It’s flu season, and many of us find ourselves glancing nervously at anyone coughing or sniffling in our vicinity. But how, besides shielding ourselves from public sneezers, do we avoid coming into contact with infections?
It turns out, our brains are quite finely tuned to detecting illness in others. New research suggests that subtle facial cues alert us to infections mere hours after they take hold. This research could one day help train AI systems to detect illness as well.
A study published in the journal Proceedings of the Royal Society B took 16 healthy volunteers and injected them, at different times, with both a placebo and a type of E. coli bacteria that causes flu-like symptoms. The volunteers, who did not know which injection they had just received, were photographed two hours after each shot. These photographs were then shown to 62 participants who were asked to judge whether the person in the picture was healthy or sick. These participants had to make the judgement after only viewing the photo for five seconds.
The participants were only able to detect a sick person 52 percent of the time, hardly better than chance. But they were able to detect a healthy person 70 percent of the time. Facial features related to judgements of sickness included redder eyes, duller skin, a more swollen face, a droopier mouth and eyelids and paler skin and lips. The sick photos were also rated as looking more tired.
“We expected that people would be better than chance at detecting sick people, but far from 100 percent since they were only allowed to see a photo for a few seconds,” says John Axelsson, a professor at the University of Stockholm and a co-author of the study. “We expect people to be a lot better when they can interact for real with someone and then also use other cues such as biological motion, smell etc.”
The research was limited by the study’s small size and the fact that all the volunteers were Caucasian and all were healthy, Axelsson says. Further research is needed to look at different ethnic groups, different ages and at people with chronic disorders. More research could also potentially identify more features important to our judgments of sickness and health beyond the ones identified in the study. Additional research could also show whether we treat people who appear ill differently.
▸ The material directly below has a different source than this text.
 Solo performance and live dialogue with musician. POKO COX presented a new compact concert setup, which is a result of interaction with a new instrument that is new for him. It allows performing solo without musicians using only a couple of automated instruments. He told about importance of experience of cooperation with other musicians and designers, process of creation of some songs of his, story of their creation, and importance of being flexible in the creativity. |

Despite these limitations, Axelsson hopes the better understanding of non-verbal signs of sickness can help doctors improve diagnoses. The sickness signs identified by the study will also “very likely” one day be used in training AIs to detect illness, though this is not part of Axelsson’s research.
Other recent research has shown just how much subtle facial features and movements can reveal about our health and mental states, says Mark Frank, a communications professor at the University at Buffalo, State University of New York, who studies facial expressions. The presence or absence of certain tiny facial movements can indicate disorders like Bell’s Palsy or brain tumors. Microexpressions – fleeting looks often too quick to register on our consciousness – can reveal schizophrenia or whether a person with depression is recovering or not.
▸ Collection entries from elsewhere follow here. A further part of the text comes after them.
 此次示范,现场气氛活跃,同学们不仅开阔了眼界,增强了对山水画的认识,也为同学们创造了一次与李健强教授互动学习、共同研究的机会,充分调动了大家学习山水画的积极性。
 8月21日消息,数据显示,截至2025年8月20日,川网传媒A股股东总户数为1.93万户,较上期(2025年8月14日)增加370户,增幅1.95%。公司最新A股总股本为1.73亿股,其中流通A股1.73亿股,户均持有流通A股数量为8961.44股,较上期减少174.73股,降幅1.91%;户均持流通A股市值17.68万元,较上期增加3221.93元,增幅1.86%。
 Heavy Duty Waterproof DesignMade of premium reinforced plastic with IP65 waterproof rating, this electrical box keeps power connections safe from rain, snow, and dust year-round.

“Subtle movements in eyelids can reveal fatigue and can even predict when a driver is more likely to crash his or her vehicle,” Frank says.
Understanding what our faces say about our health will be important in training AIs, Frank says. AIs could help humans do real-time analysis and decision-making, which could be especially important when people are “overwhelmed by too much information.”
One could imagine an illness-detecting AI being used in airports, for example, scanning thousands of faces per second. Airports in some parts of the world already use temperature scanners to weed out potentially sick individuals; an AI could improve upon such technology to identify people who are sick without fevers. Such technologies would likely bring up privacy concerns, as well as debates over whether they're effective as containment strategies.
Developers are already working on a variety of neural networks – systems that learn on their own by analyzing huge amounts of data – to detect signs of illness earlier or better than humans can. Recent examples include an algorithm to read chest X-rays and diagnose pneumonia, an AI for spotting very early lung cancers on CT scans, and a Google technology for seeking early signs of eye diseases that can cause blindness. But for a neural network to learn, it needs to be told what to look for. Which means humans need to teach it. Which means humans need to know. Studies like Axelsson’s, which show what facial changes are associated with sickness, could give humans the tools to do the teaching.
In the meantime, now you know to stay away from people with subtly drooping eyelids (though maybe they’re just tired). Better yet, just get a flu shot.